Only the lines from the one containing "Étape 4 : Cliquez" to the end of the data below belong in the answer, each repeated exactly; no pictures.

### Dataset content
----------------

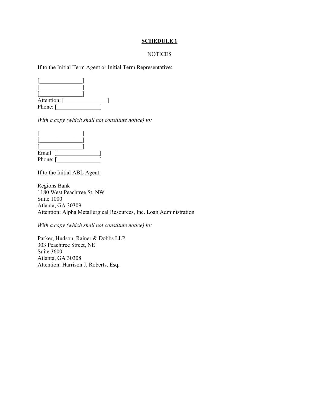 SCHEDULE 1 NOTICES If to the Initial Term Agent or Initial Term Representative: [_______________] [_______________] [_______________] Attention: [_______________] Phone: [_______________] With a copy (which shall not constitute notice) to: [_______________] [_______________] [_______________] Email: [_______________] Phone: [_______________] If to the Initial ABL Agent: Regions Bank 1180 West Peachtree St. NW Suite 1000 Atlanta, GA 30309 Attention: Alpha Metallurgical Resources, Inc. Loan Administration With a copy (which shall not constitute notice) to: Parker, Hudson, Rainer & Dobbs LLP 303 Peachtree Street, NE Suite 3600 Atlanta, GA 30308 Attention: Harrison J. Roberts, Esq.
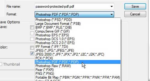 Étape 4 : Cliquez sur le menu déroulant à droite deFormat, cliquez sur lePhotoshopPDFoption, puis cliquez sur l'optionSauvegarderbouton.
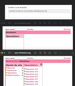 Je rencontre un problème avec le sélecteur d’articles. Dans la configuration il y a la possibilité de restreindre le choix à une branche (j’imagine qu’il s’agit de secteur ?).

----------------

### Solution for this task
 Étape 4 : Cliquez sur le menu déroulant à droite deFormat, cliquez sur lePhotoshopPDFoption, puis cliquez sur l'optionSauvegarderbouton.
 Je rencontre un problème avec le sélecteur d’articles. Dans la configuration il y a la possibilité de restreindre le choix à une branche (j’imagine qu’il s’agit de secteur ?).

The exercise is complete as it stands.